Problem => Nothing but the lines from the one containing "14 Ayar Altın" to the end of the data should be copied, exactly, and the pictures stay out.

Data segment =>

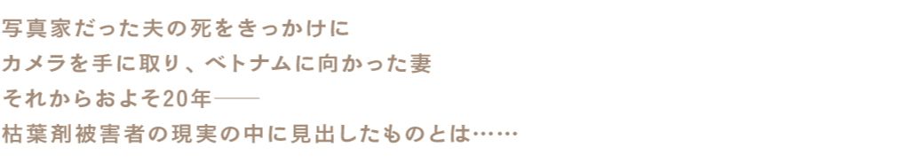 その理由がベトナム戦争時の枯葉剤にあるのではと聞かされた妻・坂⽥雅⼦は夫の⾝に起こったことを知りたい⼀⼼でカメラを⼿に取り、ベトナムへ向かった。そこで⽬にしたのは戦後 30 年を過ぎてなお、枯葉剤の影響で重い障害を持って⽣まれてきた⼦どもたちと、彼らを愛しみ育てる家族の姿だった。
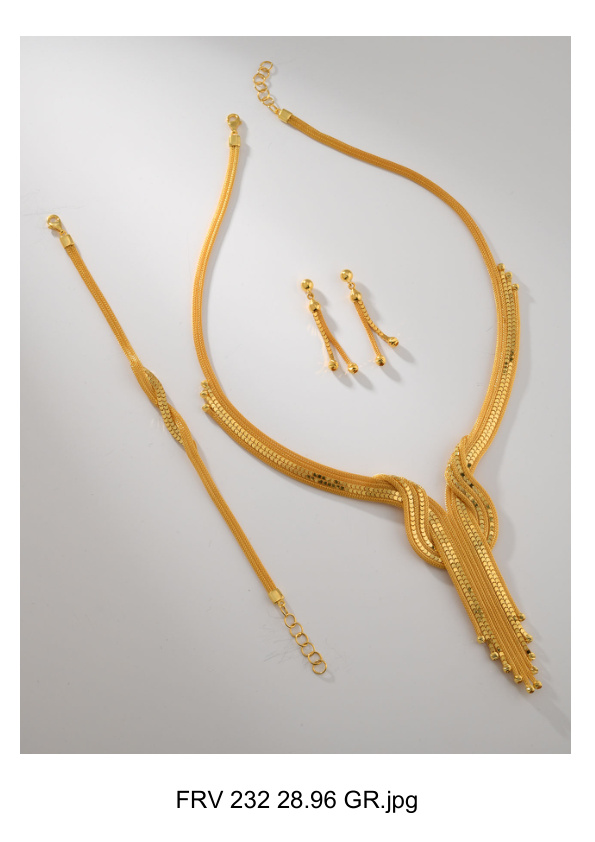 14 Ayar Altın Kalze Set – 28.96 gram ağırlığında, kolye, bileklik ve küpeden oluşan şık bir takı setidir. Ultralight kalze tekniğiyle üretilen bu set, hem günlük kullanıma hem de özel günlere, düğün ve nişan törenlerine uygundur.
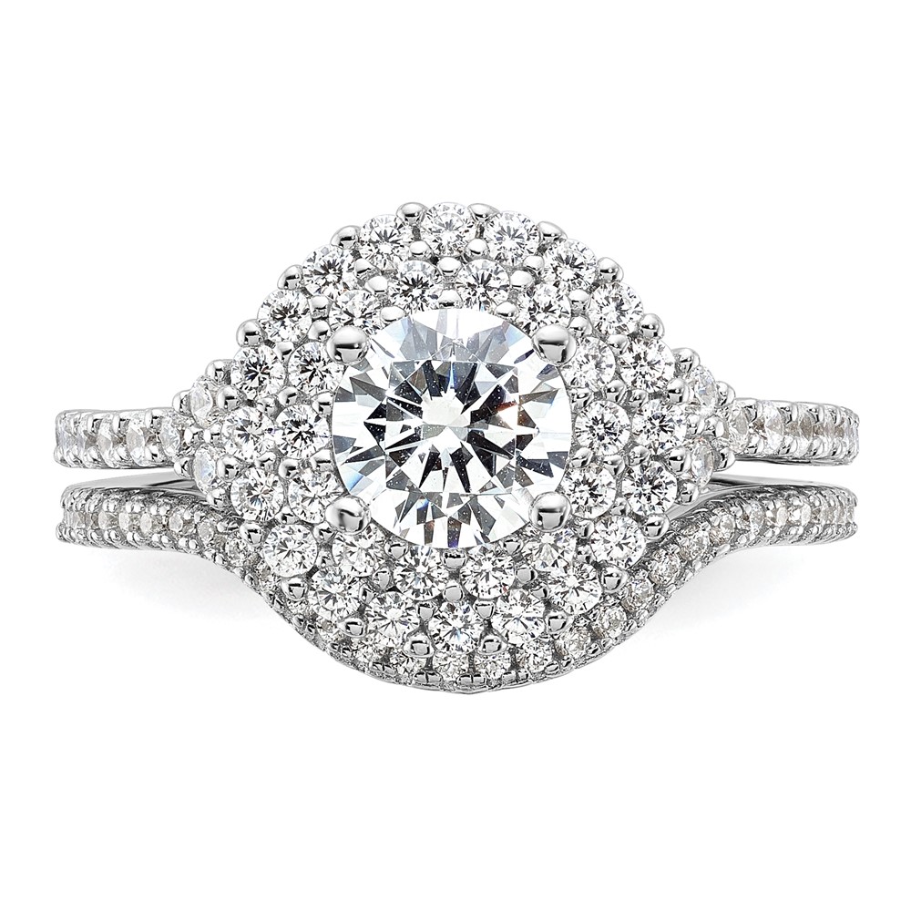 Brilliant Embers Sterling Silver Rhodium-plated 86 Stone Micro Pavé CZ 2-piece Wedding Set

Output for this exercise =>
 14 Ayar Altın Kalze Set – 28.96 gram ağırlığında, kolye, bileklik ve küpeden oluşan şık bir takı setidir. Ultralight kalze tekniğiyle üretilen bu set, hem günlük kullanıma hem de özel günlere, düğün ve nişan törenlerine uygundur.
 Brilliant Embers Sterling Silver Rhodium-plated 86 Stone Micro Pavé CZ 2-piece Wedding Set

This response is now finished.